Write one or more sentences summarizing your conclusions
for each of the following problems. Your summary should allow a person to
understand your results even if they do not know the software that you used
(SAS, R, etc.).
1.
Conduct an analysis of
variance (fill out the ANOVA table, including sums of squares, mean squares, F
statistic, and P value. Be sure to include a line for total SS and df) to test the null hypothesis of equality of runs scored
by division. Include a boxplot to visualize potential differences by division.
2.
Examine a residual by
predicted plot and a normal plot of the residuals to assess model assumptions.
3.
Use the log(standard
deviation) and log(mean) regression to examine whether a power transformation is
needed.
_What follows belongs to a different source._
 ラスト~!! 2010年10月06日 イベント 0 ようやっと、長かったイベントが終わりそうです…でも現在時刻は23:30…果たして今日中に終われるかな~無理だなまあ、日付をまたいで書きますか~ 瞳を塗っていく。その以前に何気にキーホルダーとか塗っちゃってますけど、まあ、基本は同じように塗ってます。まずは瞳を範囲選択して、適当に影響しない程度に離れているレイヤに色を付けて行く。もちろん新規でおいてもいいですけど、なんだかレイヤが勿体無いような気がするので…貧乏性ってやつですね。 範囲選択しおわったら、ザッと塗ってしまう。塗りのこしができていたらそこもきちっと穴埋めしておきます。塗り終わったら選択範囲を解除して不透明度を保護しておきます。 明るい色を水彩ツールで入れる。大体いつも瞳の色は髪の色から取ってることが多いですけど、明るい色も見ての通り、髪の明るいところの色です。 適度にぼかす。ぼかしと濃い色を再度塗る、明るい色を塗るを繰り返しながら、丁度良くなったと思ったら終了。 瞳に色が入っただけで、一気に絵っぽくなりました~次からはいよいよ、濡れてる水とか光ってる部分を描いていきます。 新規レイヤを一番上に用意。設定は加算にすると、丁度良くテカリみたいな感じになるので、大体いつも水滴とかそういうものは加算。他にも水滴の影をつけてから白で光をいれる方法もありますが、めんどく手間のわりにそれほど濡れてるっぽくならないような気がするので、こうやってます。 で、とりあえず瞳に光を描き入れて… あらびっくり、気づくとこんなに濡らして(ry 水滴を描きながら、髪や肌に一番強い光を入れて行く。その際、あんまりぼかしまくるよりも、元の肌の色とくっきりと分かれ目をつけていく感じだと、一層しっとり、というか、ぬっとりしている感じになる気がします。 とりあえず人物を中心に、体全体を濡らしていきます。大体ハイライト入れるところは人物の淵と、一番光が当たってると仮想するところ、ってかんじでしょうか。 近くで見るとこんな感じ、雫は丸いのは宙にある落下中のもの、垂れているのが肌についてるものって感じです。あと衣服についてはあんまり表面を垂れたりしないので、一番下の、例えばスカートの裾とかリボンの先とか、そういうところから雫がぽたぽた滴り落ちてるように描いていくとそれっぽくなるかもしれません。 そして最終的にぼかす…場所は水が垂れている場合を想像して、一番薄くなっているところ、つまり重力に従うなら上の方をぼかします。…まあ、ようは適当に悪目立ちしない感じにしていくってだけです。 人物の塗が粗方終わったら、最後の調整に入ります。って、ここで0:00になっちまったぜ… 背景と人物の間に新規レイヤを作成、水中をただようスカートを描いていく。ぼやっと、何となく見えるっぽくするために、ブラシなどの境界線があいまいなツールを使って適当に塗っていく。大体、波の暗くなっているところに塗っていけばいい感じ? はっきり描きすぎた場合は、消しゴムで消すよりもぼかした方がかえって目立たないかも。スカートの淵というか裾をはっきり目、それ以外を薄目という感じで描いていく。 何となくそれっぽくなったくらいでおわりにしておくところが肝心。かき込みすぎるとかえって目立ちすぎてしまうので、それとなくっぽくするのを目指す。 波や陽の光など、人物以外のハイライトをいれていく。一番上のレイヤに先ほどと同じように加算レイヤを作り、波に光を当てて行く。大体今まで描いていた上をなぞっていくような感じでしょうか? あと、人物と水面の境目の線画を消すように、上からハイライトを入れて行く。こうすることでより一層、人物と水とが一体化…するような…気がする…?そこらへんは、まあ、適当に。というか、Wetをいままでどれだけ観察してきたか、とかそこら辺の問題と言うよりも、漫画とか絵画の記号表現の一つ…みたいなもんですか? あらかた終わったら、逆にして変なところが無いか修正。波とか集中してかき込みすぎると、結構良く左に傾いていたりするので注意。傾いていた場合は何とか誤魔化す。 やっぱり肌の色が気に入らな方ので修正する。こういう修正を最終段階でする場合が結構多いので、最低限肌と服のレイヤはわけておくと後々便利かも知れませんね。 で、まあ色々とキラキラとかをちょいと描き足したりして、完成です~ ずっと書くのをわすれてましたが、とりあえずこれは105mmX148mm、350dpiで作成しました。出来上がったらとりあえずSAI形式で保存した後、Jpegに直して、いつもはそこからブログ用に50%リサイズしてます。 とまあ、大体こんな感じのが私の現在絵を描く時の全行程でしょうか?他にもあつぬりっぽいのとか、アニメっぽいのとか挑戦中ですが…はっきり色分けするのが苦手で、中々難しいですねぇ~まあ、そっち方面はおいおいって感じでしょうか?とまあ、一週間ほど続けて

Is the test for a transformation significant? What power transformation
is recommended? [You do not need to reanalyze the data]
4.
If we were going to test for
a difference in runs scored by division, and the true mean values were: 4, 4.5,
4.5, 4.5, 4.5, and 5., with a variance as estimated from these data, what is the
power of the ANOVA test to detect these group differences with 5 teams per
division? Use alpha=.05.